-------- Data for this task --------

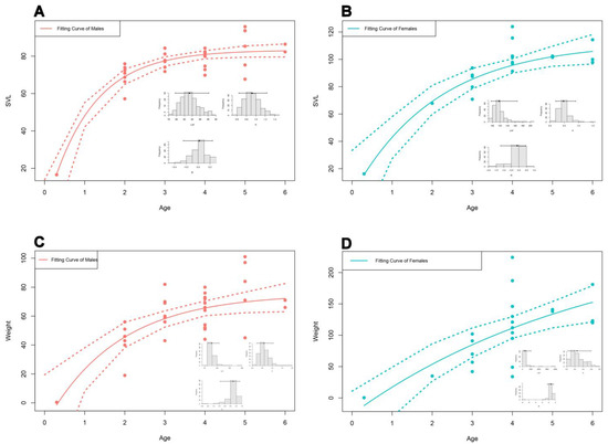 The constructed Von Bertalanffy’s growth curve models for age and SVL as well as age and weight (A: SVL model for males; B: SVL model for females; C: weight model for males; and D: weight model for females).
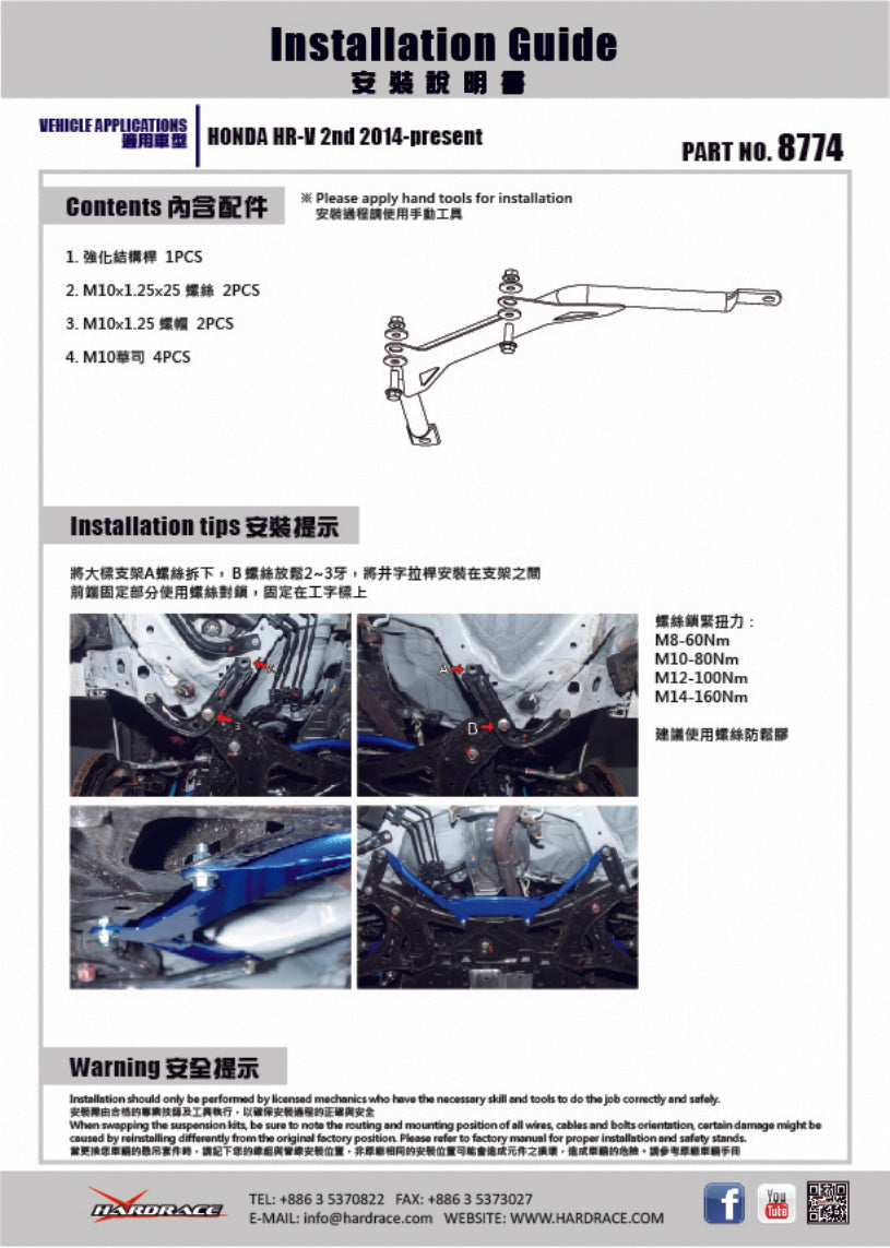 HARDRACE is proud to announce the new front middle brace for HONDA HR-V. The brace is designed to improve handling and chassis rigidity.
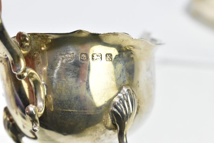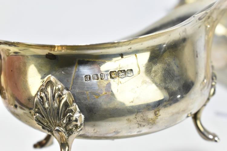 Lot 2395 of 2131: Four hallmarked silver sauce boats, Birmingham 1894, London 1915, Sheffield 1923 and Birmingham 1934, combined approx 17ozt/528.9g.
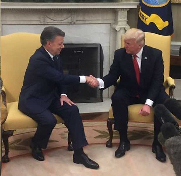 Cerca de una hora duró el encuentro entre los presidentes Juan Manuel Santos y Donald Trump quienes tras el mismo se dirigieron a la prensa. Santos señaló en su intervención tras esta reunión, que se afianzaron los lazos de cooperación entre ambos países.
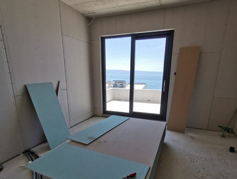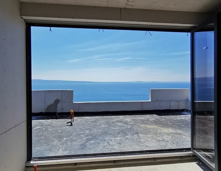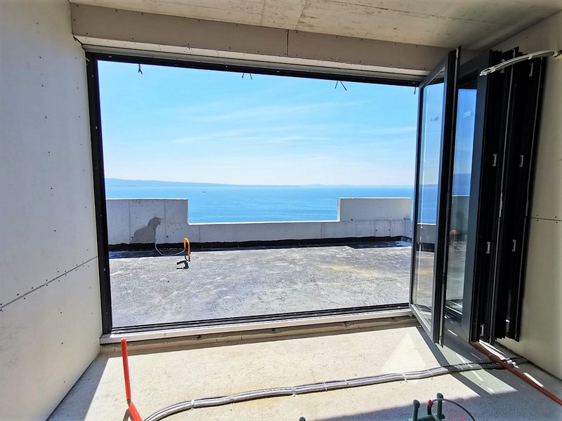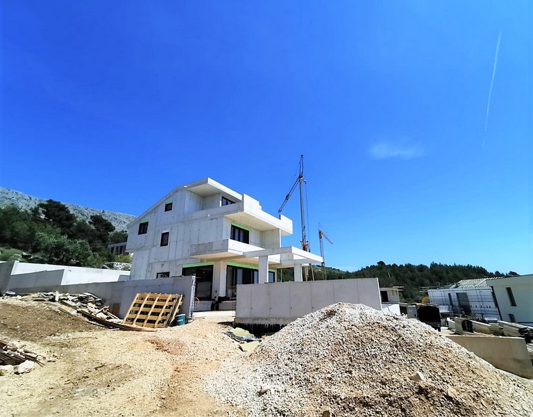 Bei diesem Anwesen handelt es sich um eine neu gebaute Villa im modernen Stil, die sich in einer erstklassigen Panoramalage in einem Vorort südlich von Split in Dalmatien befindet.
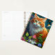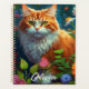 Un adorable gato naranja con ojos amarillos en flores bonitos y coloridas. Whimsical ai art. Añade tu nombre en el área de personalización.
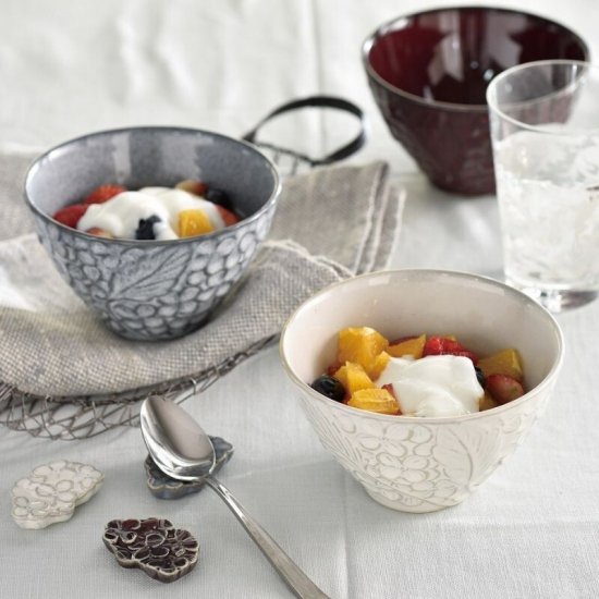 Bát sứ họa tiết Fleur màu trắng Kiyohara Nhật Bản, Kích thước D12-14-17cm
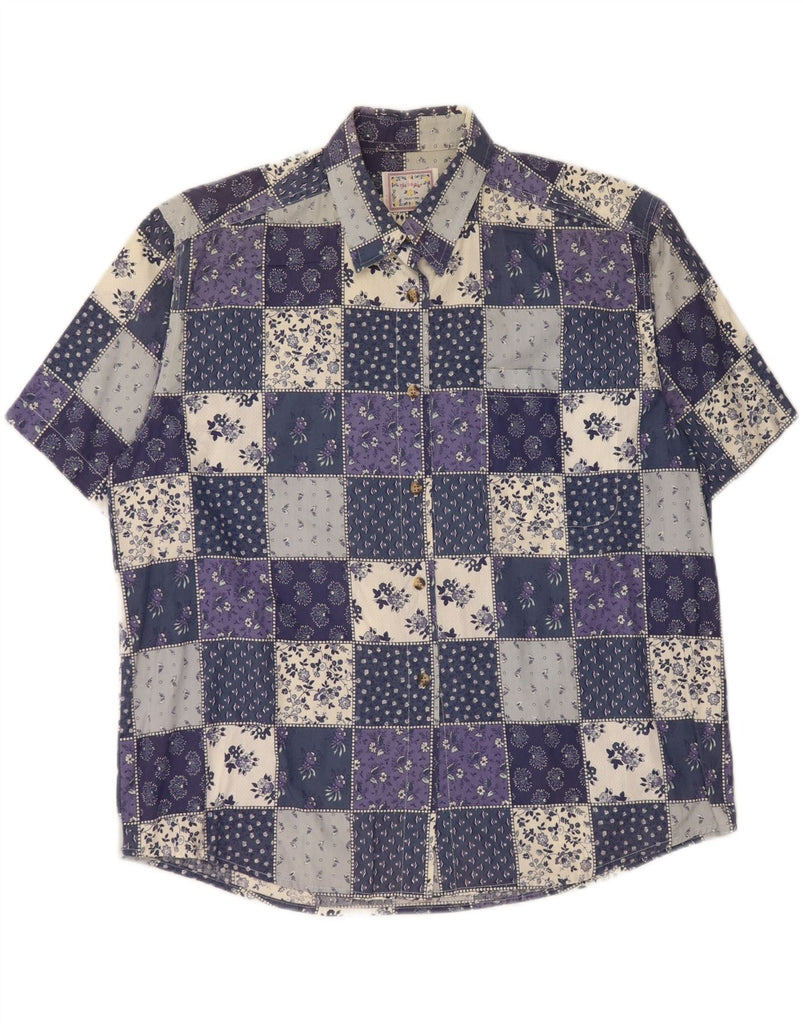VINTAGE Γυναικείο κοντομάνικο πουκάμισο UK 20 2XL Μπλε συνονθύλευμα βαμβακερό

--------

▸ Work to complete: Output every record verbatim, excluding any picture it contains.

▸ Solution:
 The constructed Von Bertalanffy’s growth curve models for age and SVL as well as age and weight (A: SVL model for males; B: SVL model for females; C: weight model for males; and D: weight model for females).
 HARDRACE is proud to announce the new front middle brace for HONDA HR-V. The brace is designed to improve handling and chassis rigidity.
 Lot 2395 of 2131: Four hallmarked silver sauce boats, Birmingham 1894, London 1915, Sheffield 1923 and Birmingham 1934, combined approx 17ozt/528.9g.
 Cerca de una hora duró el encuentro entre los presidentes Juan Manuel Santos y Donald Trump quienes tras el mismo se dirigieron a la prensa. Santos señaló en su intervención tras esta reunión, que se afianzaron los lazos de cooperación entre ambos países.
 Bei diesem Anwesen handelt es sich um eine neu gebaute Villa im modernen Stil, die sich in einer erstklassigen Panoramalage in einem Vorort südlich von Split in Dalmatien befindet.
 Un adorable gato naranja con ojos amarillos en flores bonitos y coloridas. Whimsical ai art. Añade tu nombre en el área de personalización.
 Bát sứ họa tiết Fleur màu trắng Kiyohara Nhật Bản, Kích thước D12-14-17cm
VINTAGE Γυναικείο κοντομάνικο πουκάμισο UK 20 2XL Μπλε συνονθύλευμα βαμβακερό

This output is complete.